Итальянка ответила только гордой, торжествующей улыбкой, обернулась к подошедшему капельмейстеру, и между ними тремя начался тихий, но оживленный разговор. Остальные мужчины с нескрываемым неудовольствием смотрели на молодого незнакомца, завладевшего исключительным вниманием знаменитой певицы и разговором с ней, который, к их величайшей досаде, задержал ее до самого начала концерта.
Между тем зал наполнялся публикой; ослепительно освещенный, пестрый от роскошных туалетов дам, он представлял блестящее зрелище. Жена консула Эрлау с несколькими другими дамами сидела в первом ряду и была поглощена разговором с доктором Вельдингом, когда к ней подошел муж в сопровождении молодого человека в капитанском мундире.
– Капитан Альмбах, – произнес он, представляя Гуго. – Я обязан ему спасением своего лучшего судна со всем экипажем.
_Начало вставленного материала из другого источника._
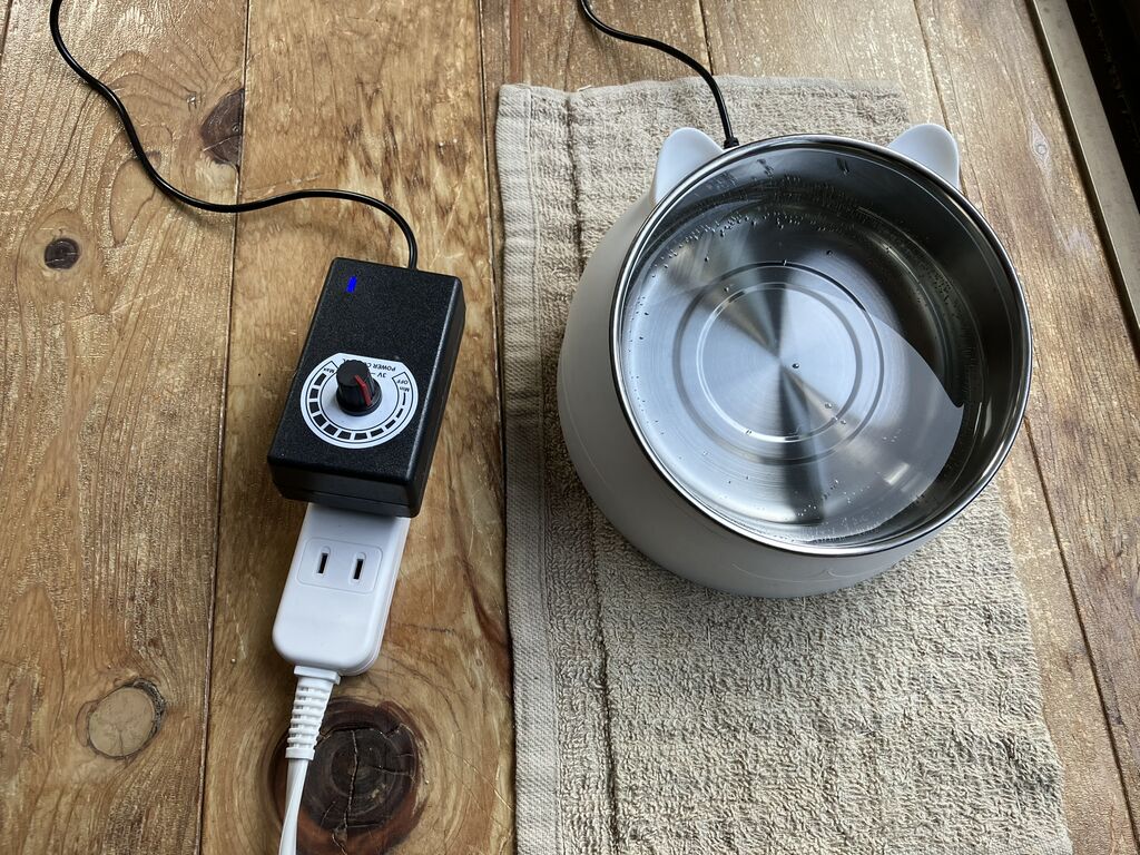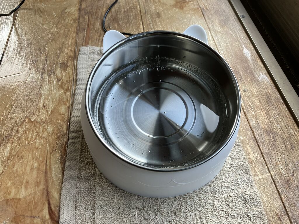 三毛猫「花ちゃん」の保温水飲みボウルが調子悪くなったので買換えました。

Это он подоспел на помощь боровшейся с гибелью «Ганзе» и только благодаря его энергичному самопожертвованию…
– О, прошу вас, господин консул, не заставляйте вашу супругу рисовать себе бурю на море, – проговорил Гуго. – Мы, бедные моряки, и без того уже пользуемся такой дурной славой из-за наших приключений, что каждая дама с тайным ужасом ожидает от нас неизбежных рассказов о наших похождениях. Но уверяю вас, сударыня, с моей стороны вам в этом отношении нечего опасаться. Я намерен в своих повествованиях всегда оставаться на твердой земле.
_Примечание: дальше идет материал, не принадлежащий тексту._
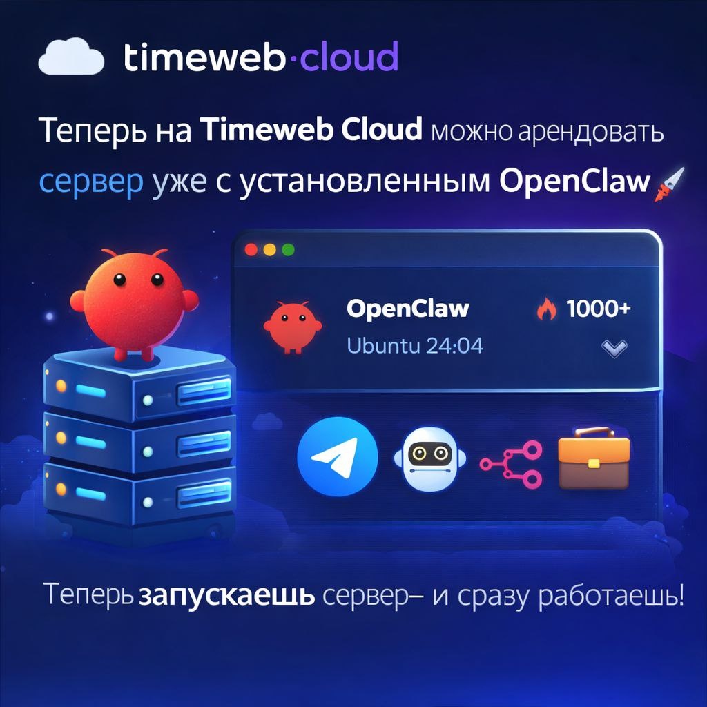 🔥 OpenClaw теперь доступен сразу на сервере Timeweb Cloud Арендуешь сервер — OpenClaw уже установлен. Без ручной настройки и танцев с бубном — сразу в работу ⚡ 🎁 Новым пользователям — до 2 000 ₽ на баланс 👉 Забрать сервер #timeweb #openclaw #ai #cloud #сервер #автоматизация
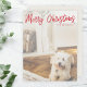Simple, stylish custom photo "Merry Christmas" flat holiday card with modern minimalist handwritten script typography in red and a simple warm gradient over a full photo background. The photo of your beloved pet and text can easily be personalised for a design as unique as your special furbaby! The image shown is for illustration purposes only to be replaced with your own photo. The placeholder image is of an adorable small dog sitting in front of a fireplace dressed with christmas foliage and silver birch logs. The pup is sitting on a herringbone parquet floor. #christmas #dog #puppy #holidaycard
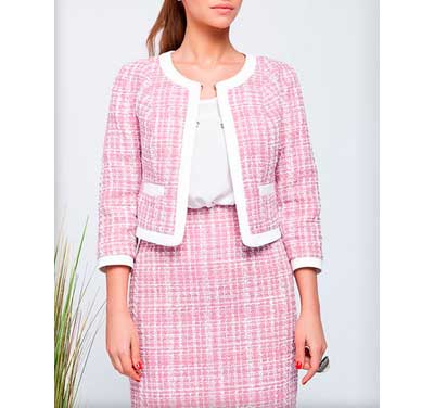 At one time, the first lady of the United States, Jackie Kennedy, became one of the most important popularizers of the tweed skirt suit from Chanel.Pink suit, which became the hallmark of Jacqueline Kennedy, is now forever associated with the modern business woman.

Молодой моряк, по-видимому, отлично понимал разницу между кругами общества, в которых ему приходилось вращаться. Здесь ему и в голову бы не пришло блеснуть приключениями, о которых он так охотно распространялся в доме своих родственников. Консул покачал головой с несколько недовольным видом и возразил:
– Мне кажется, вам доставляет удовольствие высмеивать всякую благодарность за свои добрые дела. Тем не менее я остаюсь вашим должником, хотя вы и не позволяете мне тем или другим способом оплатить мой долг. Я не думаю, чтобы рассказ об этом приключении мог повредить вам во мнении дам, совсем наоборот. Но вы так решительно отказываетесь описать его, что я оставлю это до следующего раза.
Госпожа Эрлау с очаровательной любезностью обратилась к Гуго:
– Вы нам не чужой, господин капитан, хотя бы из-за вашей семьи. Еще недавно мы имели удовольствие видеть вашего брата.
– Да, единственный раз, – подтвердил консул, – и то совершенно случайно. Альмбах, кажется, не может простить мне разницу между своим и моим образом жизни. Он непреклонно отдаляется от нас сам, отдаляет своих близких и уже много лет не пускает к нам нашу крестницу, так что мы даже не знаем, какая она теперь.
– Бедная Элеонора! – сострадательно заметила госпожа Эрлау. – Мне кажется, она стала чересчур застенчива в результате слишком строгого воспитания и слишком уединенной жизни. Я не могу представить себе ее иначе, как робкой и тихой; она, кажется, никогда не поднимает глаз в присутствии посторонних.
– Нет, сударыня, – ответил Гуго с особенным ударением, – она иногда это делает, но я сомневаюсь, что мой брат когда-нибудь видел это.
– Вашего брата здесь нет? – спросила госпожа Эрлау.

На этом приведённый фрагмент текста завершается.